For Dickens, mud is spontaneous and unpredictable; society cannot rely on nature, and so must cling to the depressingly reliable processes of English bureaucracy. Rather than a dynamic engagement with Victorian identity politics that the rest of the novel explores, Jarndyce and Jarndyce collapses passionate family intensity into the laboured ministering of complex inheritance law. Indeed, the comforting consistency of Jarndyce and Jarndyce is arguably the closest we get to a sense of eternity - the details of which are as mysterious as God Himself, and which passes by generations of its advocates without issue, resolution or new understanding. Time is warped around Jarndyce and Jarndyce as all natural history - from the dinosaurs to the society of Victorian London - pass by the window of the man overseeing the case. When presented alongside the comparatively fleeting megalosaurus, the case is presented in almost evolutionary terms as the dinosaur spontaneously animates within the imagery of the novel, existing for only a fraction of the lifespan of the case. It’s like a bad joke the Lord Chancellor tells himself: species die out, empires fall, but Jarndyce and Jarndyce remains.

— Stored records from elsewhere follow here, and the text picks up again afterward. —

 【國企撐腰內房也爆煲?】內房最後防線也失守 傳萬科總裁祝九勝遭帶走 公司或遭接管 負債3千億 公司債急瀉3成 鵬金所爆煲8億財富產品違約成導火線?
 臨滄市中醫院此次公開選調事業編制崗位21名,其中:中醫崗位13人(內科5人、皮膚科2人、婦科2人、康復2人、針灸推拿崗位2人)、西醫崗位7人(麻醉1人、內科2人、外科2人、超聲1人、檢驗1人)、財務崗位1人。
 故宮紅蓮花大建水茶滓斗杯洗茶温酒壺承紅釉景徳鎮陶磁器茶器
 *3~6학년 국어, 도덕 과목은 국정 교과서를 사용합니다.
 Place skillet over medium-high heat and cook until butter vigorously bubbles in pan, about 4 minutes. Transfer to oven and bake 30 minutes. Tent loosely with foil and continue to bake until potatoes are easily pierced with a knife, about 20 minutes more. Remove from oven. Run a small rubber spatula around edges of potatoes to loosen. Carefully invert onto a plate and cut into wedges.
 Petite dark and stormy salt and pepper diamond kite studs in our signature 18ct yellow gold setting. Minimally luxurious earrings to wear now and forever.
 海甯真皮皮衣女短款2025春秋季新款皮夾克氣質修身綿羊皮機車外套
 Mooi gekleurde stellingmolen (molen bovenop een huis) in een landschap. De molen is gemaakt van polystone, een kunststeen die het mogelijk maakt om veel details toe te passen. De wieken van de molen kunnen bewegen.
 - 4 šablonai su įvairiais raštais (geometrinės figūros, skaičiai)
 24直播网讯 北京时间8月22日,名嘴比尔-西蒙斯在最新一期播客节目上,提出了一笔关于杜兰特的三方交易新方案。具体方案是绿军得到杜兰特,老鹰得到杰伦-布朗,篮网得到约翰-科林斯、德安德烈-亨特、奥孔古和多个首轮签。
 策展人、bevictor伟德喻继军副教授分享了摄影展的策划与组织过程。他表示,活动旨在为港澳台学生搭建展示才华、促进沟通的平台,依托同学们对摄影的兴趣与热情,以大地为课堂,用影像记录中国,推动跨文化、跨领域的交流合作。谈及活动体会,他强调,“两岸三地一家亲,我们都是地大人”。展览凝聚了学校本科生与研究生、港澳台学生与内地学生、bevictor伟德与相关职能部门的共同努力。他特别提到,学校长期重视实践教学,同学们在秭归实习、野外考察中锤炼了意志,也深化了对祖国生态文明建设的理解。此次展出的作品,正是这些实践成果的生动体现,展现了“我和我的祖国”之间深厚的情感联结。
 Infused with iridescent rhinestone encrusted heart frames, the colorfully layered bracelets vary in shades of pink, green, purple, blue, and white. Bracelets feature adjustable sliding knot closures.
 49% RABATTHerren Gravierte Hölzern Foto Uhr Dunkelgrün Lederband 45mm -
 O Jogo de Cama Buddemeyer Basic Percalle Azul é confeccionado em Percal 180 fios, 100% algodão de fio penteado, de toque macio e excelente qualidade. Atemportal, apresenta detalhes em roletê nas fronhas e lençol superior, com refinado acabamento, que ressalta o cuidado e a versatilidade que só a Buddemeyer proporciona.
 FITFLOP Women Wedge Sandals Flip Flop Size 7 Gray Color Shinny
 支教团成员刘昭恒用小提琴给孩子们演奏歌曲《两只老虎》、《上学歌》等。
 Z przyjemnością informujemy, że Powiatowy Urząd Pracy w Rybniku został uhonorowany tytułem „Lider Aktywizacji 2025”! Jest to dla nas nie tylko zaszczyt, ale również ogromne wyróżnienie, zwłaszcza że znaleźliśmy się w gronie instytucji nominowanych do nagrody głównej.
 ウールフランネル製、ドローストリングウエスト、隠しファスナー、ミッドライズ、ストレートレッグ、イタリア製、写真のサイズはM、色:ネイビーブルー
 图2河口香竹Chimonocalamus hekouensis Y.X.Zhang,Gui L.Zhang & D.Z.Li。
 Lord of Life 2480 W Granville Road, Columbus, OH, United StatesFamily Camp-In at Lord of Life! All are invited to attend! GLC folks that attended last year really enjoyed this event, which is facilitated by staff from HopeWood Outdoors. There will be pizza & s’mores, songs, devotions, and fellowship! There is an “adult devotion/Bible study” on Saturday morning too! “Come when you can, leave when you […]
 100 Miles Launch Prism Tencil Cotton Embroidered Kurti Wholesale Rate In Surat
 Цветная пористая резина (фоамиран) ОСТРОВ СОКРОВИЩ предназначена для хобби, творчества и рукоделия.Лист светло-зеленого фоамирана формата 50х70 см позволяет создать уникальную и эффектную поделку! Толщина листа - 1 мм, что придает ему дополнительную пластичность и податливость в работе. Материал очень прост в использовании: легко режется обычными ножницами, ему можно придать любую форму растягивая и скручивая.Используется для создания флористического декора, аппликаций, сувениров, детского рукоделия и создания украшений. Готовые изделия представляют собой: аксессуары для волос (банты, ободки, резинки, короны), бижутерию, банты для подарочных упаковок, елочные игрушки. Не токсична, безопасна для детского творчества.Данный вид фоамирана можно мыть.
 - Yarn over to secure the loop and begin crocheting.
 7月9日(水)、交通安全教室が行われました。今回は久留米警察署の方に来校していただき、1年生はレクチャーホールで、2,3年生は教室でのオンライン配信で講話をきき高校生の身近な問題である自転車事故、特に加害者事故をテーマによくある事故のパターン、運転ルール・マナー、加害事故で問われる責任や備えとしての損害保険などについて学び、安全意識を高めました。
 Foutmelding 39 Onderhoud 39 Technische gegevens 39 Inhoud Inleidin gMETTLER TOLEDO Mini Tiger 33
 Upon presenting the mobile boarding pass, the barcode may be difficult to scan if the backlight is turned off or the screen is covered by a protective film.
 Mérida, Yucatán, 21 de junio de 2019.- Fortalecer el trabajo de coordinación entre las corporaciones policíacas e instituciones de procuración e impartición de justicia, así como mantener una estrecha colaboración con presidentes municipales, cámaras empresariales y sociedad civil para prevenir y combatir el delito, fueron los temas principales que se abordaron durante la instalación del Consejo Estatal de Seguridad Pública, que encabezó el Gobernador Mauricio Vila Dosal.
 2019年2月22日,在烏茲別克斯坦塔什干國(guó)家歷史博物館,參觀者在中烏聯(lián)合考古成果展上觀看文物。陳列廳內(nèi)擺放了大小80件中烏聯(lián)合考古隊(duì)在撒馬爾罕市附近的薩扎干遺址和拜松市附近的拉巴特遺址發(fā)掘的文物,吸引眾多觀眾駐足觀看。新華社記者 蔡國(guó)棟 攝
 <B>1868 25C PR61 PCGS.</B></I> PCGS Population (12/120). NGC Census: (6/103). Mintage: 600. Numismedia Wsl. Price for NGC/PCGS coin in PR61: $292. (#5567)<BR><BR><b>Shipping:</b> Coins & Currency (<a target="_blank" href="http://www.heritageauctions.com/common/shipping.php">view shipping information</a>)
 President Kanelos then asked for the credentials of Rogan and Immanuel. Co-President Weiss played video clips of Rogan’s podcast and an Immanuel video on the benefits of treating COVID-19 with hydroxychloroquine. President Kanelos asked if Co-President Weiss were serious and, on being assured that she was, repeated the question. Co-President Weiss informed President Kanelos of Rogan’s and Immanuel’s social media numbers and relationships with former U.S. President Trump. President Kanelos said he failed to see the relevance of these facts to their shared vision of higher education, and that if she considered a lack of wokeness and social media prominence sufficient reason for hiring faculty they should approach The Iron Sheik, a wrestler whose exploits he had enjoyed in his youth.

(Either that, or the Lord Chancellor just wants his mum.)






this is so interesting!! although i haven't read this book (or many of the ones you write about) i still absolutely love reading your thoughts and your analysis of them - and you do it in a very accessible and understandable way, which i think i've told you before, but it is still true!! i am forever in awe at your ability to delve so deeply into just a couple of sentences. i am extremely jealous!!!
i cannot say i have ever been a big fan of dickens - i enjoyed reading a christmas carol in school but i tried to read great expectations a few years after and barely understood 1/3 of what that man was saying - but you're making me want to try again!! i've been considering it anyway, thinking maybe i was still a little too young to fully understand back then, so i'm seeing this post as a sign to pick it back up!!
This take on the dinosaur metaphor as a connection not only to the primal sludge of the weather but its alignment to the bureaucracy is really good. Would you consider a Michaelmas- Megalosaurus connection? St. Michael slew a dragon, so could the megalosaurus be dragon imagery while also aligning with the fabulous new realm of evolutionary considerations? Even though Michaelmas is a common term indicating the time of year, it was that pagan/Christian tale of the dragon that draped itself over the dinosaur when I first read the novel as a student.